Odom also knew this turnaround would come. He wasn’t sure exactly when it would happen, but he knew there would come a point this season when he would finally began to look and play like himself.
“It takes time,” Odom said. “I had so much time off that sometimes as an athlete you slow down. So it’s important for me to just keep getting after it in practice and putting the extra work in so I’m comfortable all over the court and comfortable with my defense and making moves and coming out of them. But luckily I’m on a great team that’s really deep and I can help in other ways. I don’t always need to score.”
One of the biggest visible areas of improvement for Odom has been his physique after losing 12 pounds. He’s aiming to lose an additional 5 to 10 pounds after coming into training camp weighing 260. Odom missed the last five games of the preseason and nearly three weeks of practice as he dealt with knee problems associated with being out of shape. Even when he returned, he didn’t make much of an impact. He averaged just 1.6 points and 2.8 rebounds the first month of the season. This month Odom is averaging 5.7 points and 7.3 rebounds. He has a grabbed 30 rebounds over his last four games, including a season-high 11 over the Dallas Mavericks three days ago.
“My body and my mind are starting to attach again,” Odom said. “That feels good.”
When Odom, who has been sensitive to the number of jokes he has heard in relation to his weight, was specifically asked if that meant getting in better shape, he shook his head.
“If that’s what you want me to say,” Odom said. “My body is catching up to where my head is at.”
However Odom wants to describe it, his improvement has added to an already deep Clippers team. His last four games have been better than any he had during his forgettable 50-game stretch with the Mavericks and are the best he has had since last April, when he won the Sixth Man of the Year award with the Los Angeles Lakers.
“L.O. is finding that rhythm,” Chris Paul said. “He’s so valuable to our team because he just knows how play on both ends of the court.

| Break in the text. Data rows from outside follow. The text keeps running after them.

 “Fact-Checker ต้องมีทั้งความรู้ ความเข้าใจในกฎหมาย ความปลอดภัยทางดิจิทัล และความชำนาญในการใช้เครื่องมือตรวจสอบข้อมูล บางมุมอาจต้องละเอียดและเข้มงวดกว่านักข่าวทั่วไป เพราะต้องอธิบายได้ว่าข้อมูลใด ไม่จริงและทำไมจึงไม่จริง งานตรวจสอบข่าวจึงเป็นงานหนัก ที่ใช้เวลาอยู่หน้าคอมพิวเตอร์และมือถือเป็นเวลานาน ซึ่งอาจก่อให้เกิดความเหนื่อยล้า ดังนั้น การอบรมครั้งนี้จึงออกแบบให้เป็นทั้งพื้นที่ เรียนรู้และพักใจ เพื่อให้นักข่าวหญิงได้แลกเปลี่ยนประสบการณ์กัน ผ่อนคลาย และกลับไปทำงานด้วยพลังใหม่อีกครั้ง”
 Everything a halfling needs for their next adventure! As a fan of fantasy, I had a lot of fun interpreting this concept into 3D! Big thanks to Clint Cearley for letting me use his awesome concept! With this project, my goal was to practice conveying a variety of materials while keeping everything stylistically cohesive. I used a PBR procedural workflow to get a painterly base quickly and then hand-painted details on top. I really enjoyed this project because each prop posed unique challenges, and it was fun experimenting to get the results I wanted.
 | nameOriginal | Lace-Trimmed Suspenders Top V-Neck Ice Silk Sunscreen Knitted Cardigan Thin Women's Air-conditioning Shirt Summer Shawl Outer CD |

He knows how to space the court, he knows how to roll, and he’s aggressive on ball screens, which catches a lot of guards off guard.”

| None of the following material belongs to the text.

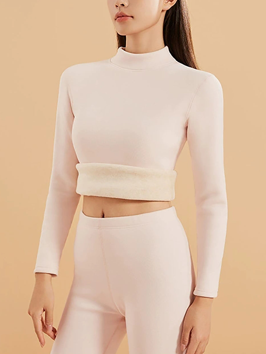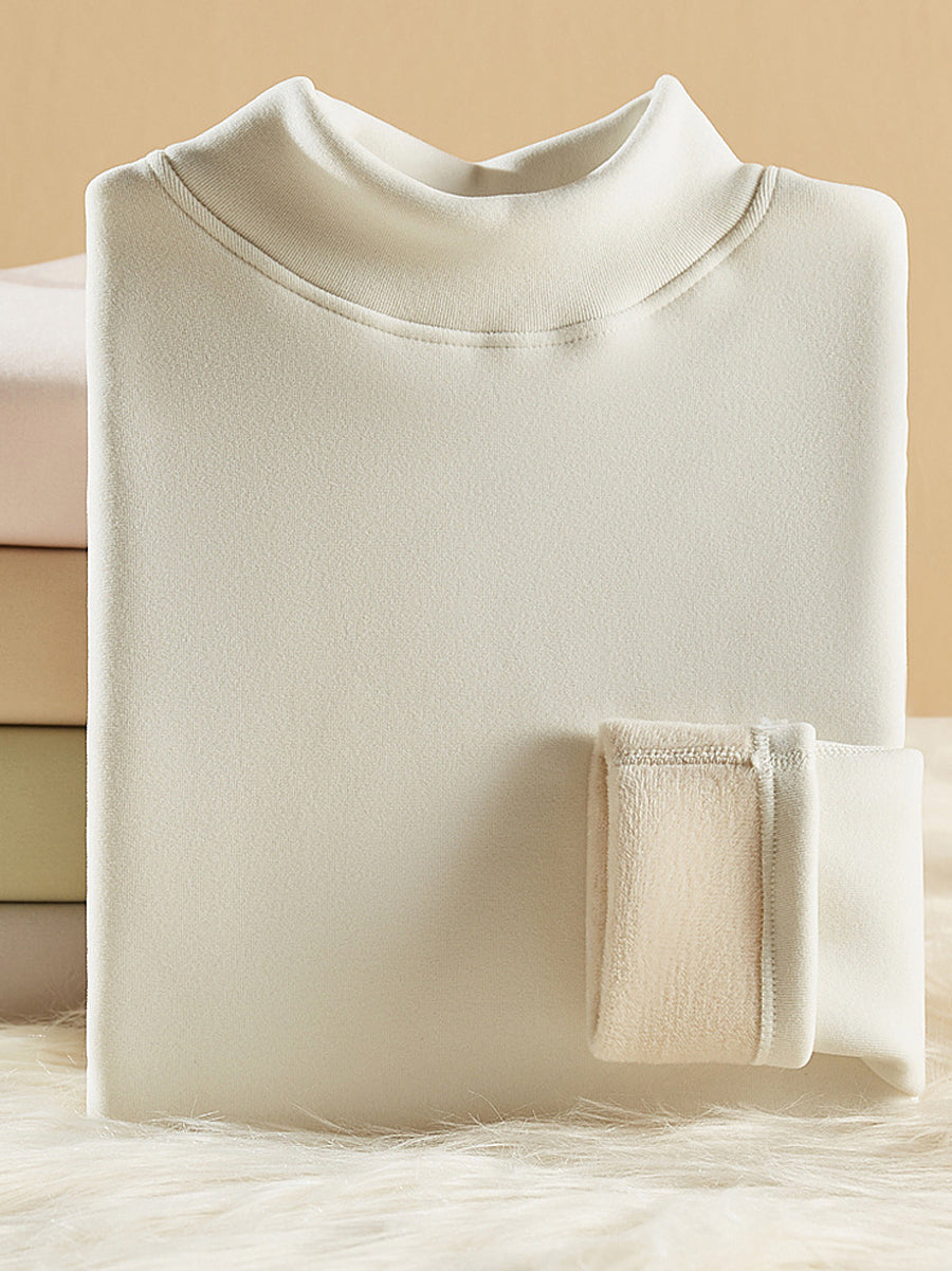 Women Winter Pure Color Half-Turtleneck Base Blouse

Paul and Odom grew tight during the Clippers’ preseason trip to China, exchanging war stories and talking strategy on the plane and bus rides. Paul wanted the Clippers to go after Odom in the offseason if he was available, remembering the battles the two had when the Lakers played the New Orleans Hornets in the playoffs two seasons ago.

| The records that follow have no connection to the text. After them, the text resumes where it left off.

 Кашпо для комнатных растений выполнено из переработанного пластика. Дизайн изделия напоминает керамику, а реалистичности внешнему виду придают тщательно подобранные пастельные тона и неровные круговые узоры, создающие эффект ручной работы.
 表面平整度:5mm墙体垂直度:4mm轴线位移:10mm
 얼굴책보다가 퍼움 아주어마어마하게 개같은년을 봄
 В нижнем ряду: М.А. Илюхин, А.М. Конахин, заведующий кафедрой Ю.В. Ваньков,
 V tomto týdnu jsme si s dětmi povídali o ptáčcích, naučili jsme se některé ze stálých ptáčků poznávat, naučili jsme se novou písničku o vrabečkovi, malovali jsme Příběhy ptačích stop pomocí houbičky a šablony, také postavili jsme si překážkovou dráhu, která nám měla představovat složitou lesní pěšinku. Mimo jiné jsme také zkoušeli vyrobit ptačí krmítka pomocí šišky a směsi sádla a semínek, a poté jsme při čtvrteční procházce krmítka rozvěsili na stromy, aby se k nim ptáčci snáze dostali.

“I remember when he was on the Lakers, I would come off screens and he was a problem,” Paul said. “That play [on Saturday against the Suns] when he almost stole it and dove on the ground is a good example. Guys think he’s just up there, but he makes you think about him. I’ve been saying that as he continues to get more comfortable, it’s going to be scary.”
Even when Odom isn’t in the game, he has taken on a leadership role in the locker room and on the bench, similar to what Chauncey Billups has brought to the team. For all the jokes about Odom’s weight and time in Dallas last season, he is still a two-time NBA champion and has done more in the NBA than just about anybody else on the Clippers. He will often pull Blake Griffin aside and give him advice during games and practices.
“Never being around him, I didn’t really know he has a tremendous basketball IQ,” Griffin said. “He sees the game very well. Listening to him and bouncing ideas off of him, he always comes to me and says something and is always giving me encouragement. He’s helped tremendously even when he wasn’t able to be on the court.
“He’s got his confidence now. You can tell he’s feeling better and better in every practice and every game. He’s huge for us.”
It’s a role Odom enjoys playing now as he sits in the middle of the same Clippers locker room he did when he was 19, remembering back to when he was just beginning his career 13 years ago.
“Some people say, ‘What have you done for me lately?’ and forget what experience does and how much it helps,” Odom said. “Basketball is like life, and experience matters.”